The black community isn’t only vulnerable to the virus itself but also its impacts. Recent reports revealed that the virus has led 26 million Americans to file for unemployment. While there are no recent statistics of the unemployment figures broken down by race, economists believe that black Americans will probably suffer the most dramatic consequences of the looming recession. Considering the fact that the community’s unemployment rate was almost twice the national rate even before the pandemic hit, economists may not be wrong. 

According to The Guardian, a British daily newspaper, when the overall unemployment rate was 3.5%, the black unemployment rate was 5.8%. On the other hand, the white unemployment rate was 3.1%. Employment rates for the black community are never good during a pandemic or crisis. During the Great Recession, the overall unemployment rate peaked at 9.6% in 2010; for black Americans, it was 16%. 

“The usual relationship that we see between the national unemployment rate and the black unemployment rate is typically really close to a two to one. Whatever is being projected for the national unemployment rate, in most instances, we expect to see something close to twice that for black Americans,” Valerie Wilson, director of the Economic Policy Institute’s program on race, ethnicity, and the economy, said. 

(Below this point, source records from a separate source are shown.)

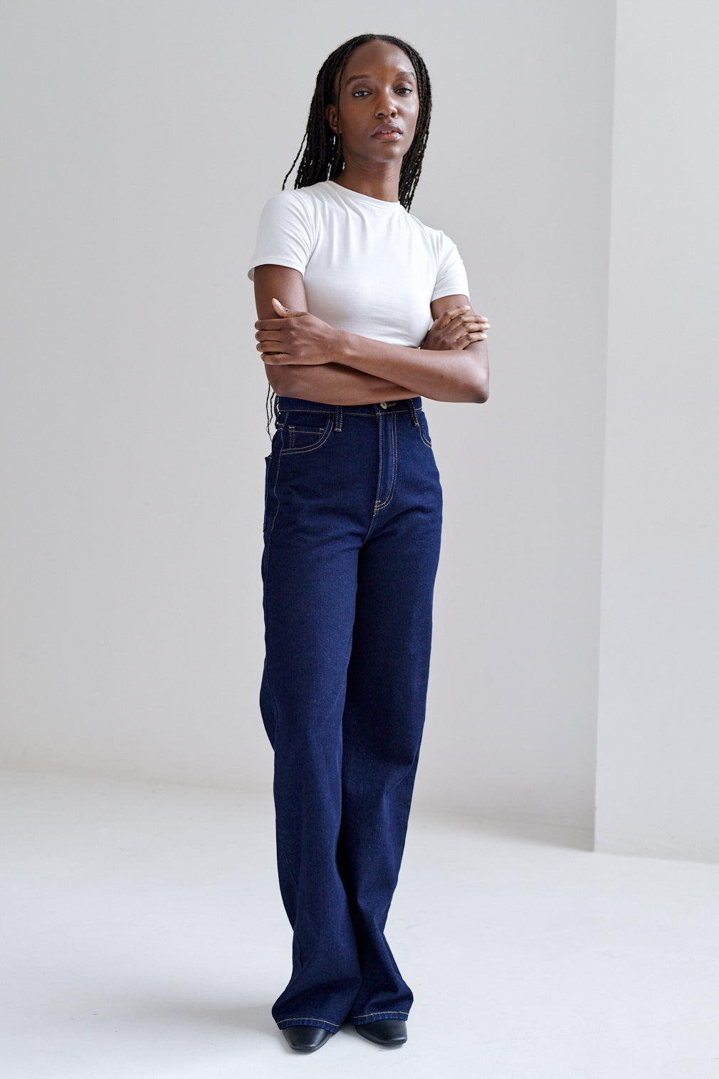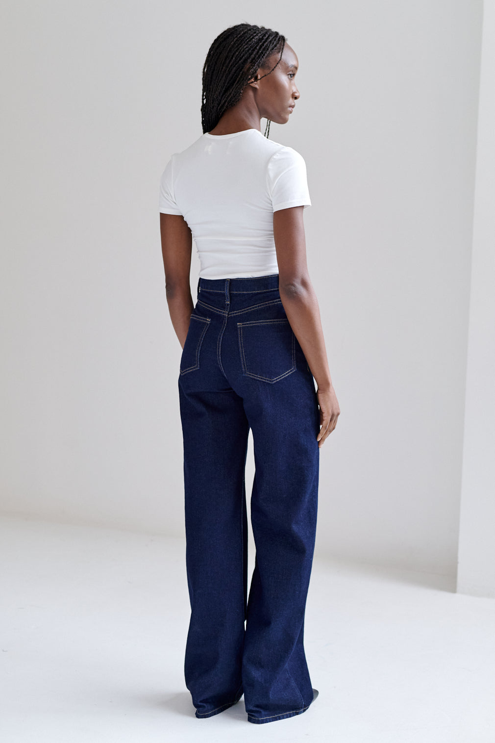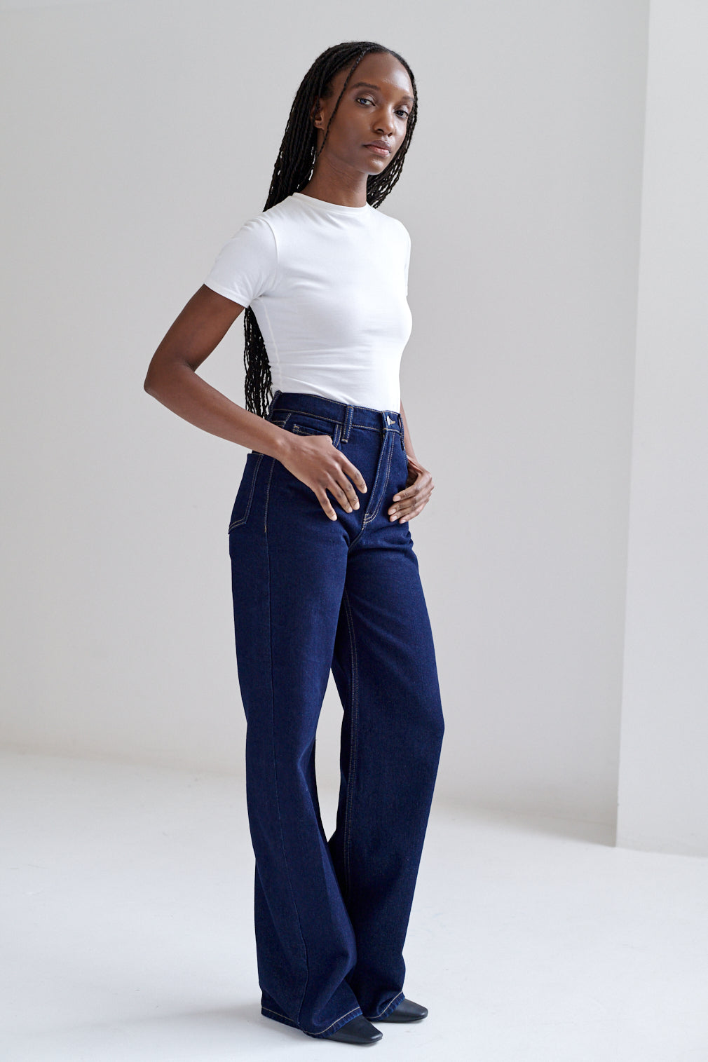 Jeans de corte recto y tiro alto con lavado claro de acabado vintage. Fit limpio y estructurado, con costuras reforzadas y bolsillos clásicos.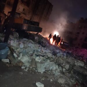 الجدير ذكره أننا كنا أول حملة مؤازرة وصلت إلى حلب وهناك بقيت الكوادر الطبية في المشفى للمساعدة في العمليات الجراحية … والعيادتان المتنقلتان توجهتا إلى عدة أماكن بشكل متتالٍ لتقديم الدعم الطبي الأولي خارج المشفى مع الدعم النفسي للمصابين غير الحرجين وللسكان المتضررين .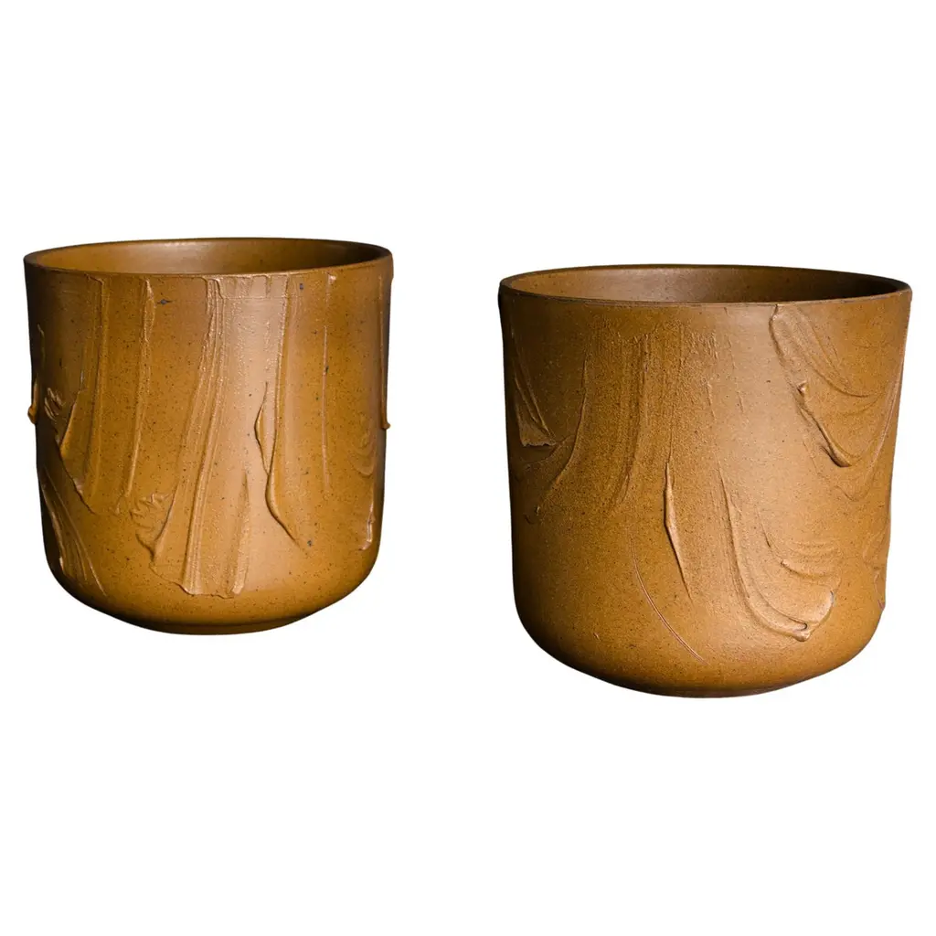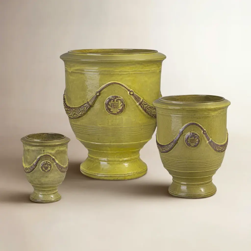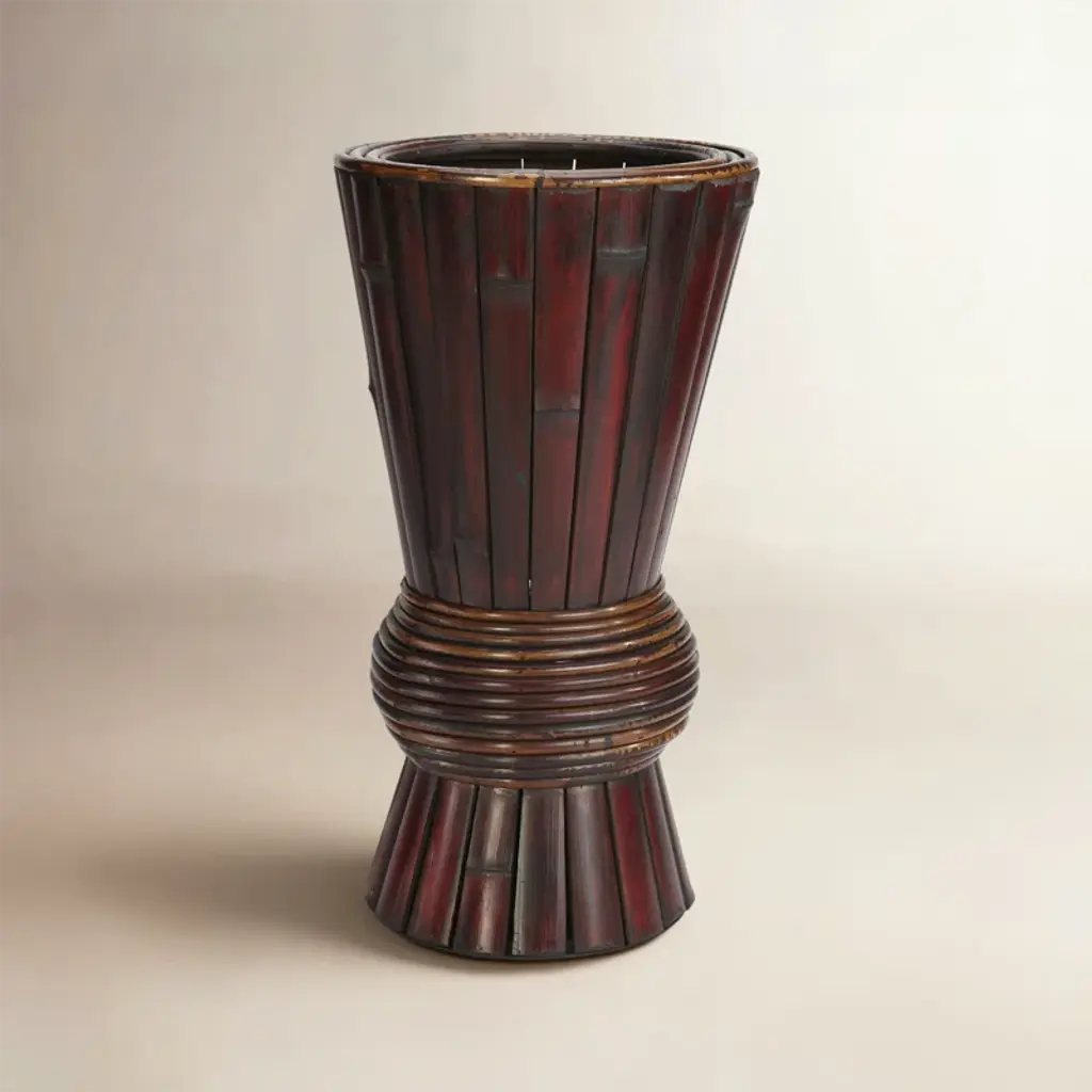 In a set of two (which doubles your decorating possibilities), this vase collection is sure to add to any Nearly Natural floral arrangement it holds. The 15 inch high and its smaller 10.75 inch sibling are both decorated with upward angled thatch design next to an intricately pressed vine patterned decoration. Each detained pattern is separated with rope designed trim. Comes on four thick and study cocoa colored legs for stability.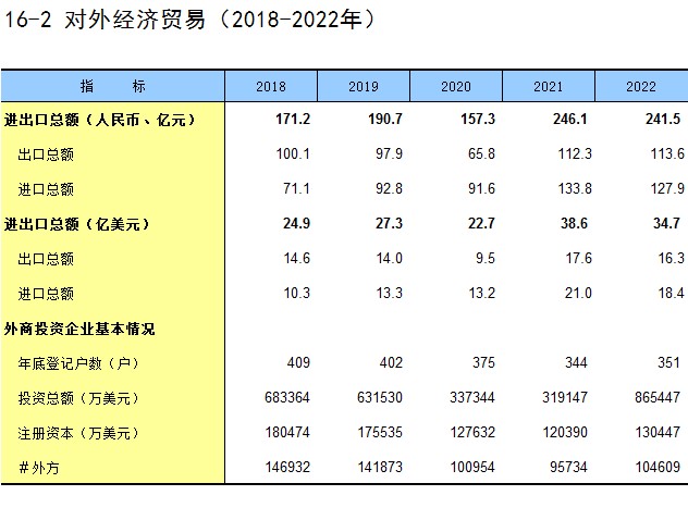 16-2 对外经济贸易(2018-2022年)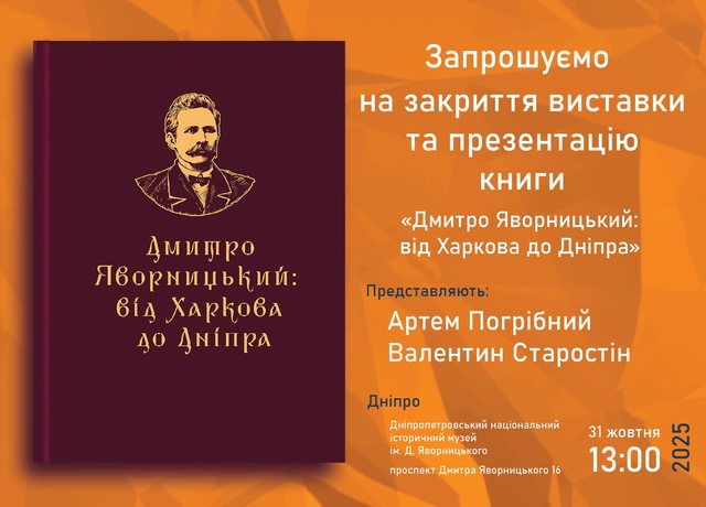 «31 жовтня о 13:00 в Дніпропетровському національному історичному музеї імені Д. І. Яворницького відбудуться закриття виставки «Яворницький. На шляху до історії козацтва» і презентація книги «Дмитро Яворницький: від Харкова до Дніпра».

William Rodgers, the former chief economist at the US Department of Labor, recently estimated that the unemployment rate for African Americans may have reached 19% in March. “The reason why African Americans bear the brunt of downturns more is that when firing decisions start to occur the least educated and those with the least experience tend to be let go first. There is also continued discrimination in the workplace,” Rodgers said.

 

 

Police Brutality

As of now, there’s been no specific research relating to COVID-19 cases to police violence. However, Denise Herd, a professor at the School of Public Health, said that there’s a clear link between chronic stress caused by persistent police-related trauma diseases like asthma, diabetes, hypertension, and heart disease, leading to COVID-19 mortality. Previous studies revealed that black people are more likely to face poor treatment from law enforcement, thus, explaining why they have higher infection and mortality rates in this pandemic.

"There are levels of chronic stress associated with living in an environment that has more police violence, and the threat of that force on its residents," Herd said.

According to Phys.org, an internet news portal that provides the latest news on science, the use of so-called Terry stops, or stop-and-frisk policies, have allowed police officers to question, search or detain people they suspect are involved in criminal activity, particularly a person who belongs to the black community. This creates chronic stress that lowers a person's resistance to disease. Data from the New York Civil Liberties Union revealed that 90% of pedestrians stopped were either black or Latino. And, 20% of the time, police used physical force.

Studies have also found that forms of discrimination and unfair treatment by law enforcement are linked with higher rates of disease in black communities. "Those mental health issues often go untreated in African American communities and can lead to diseases that make them more compromised to COVID-19," Herd said.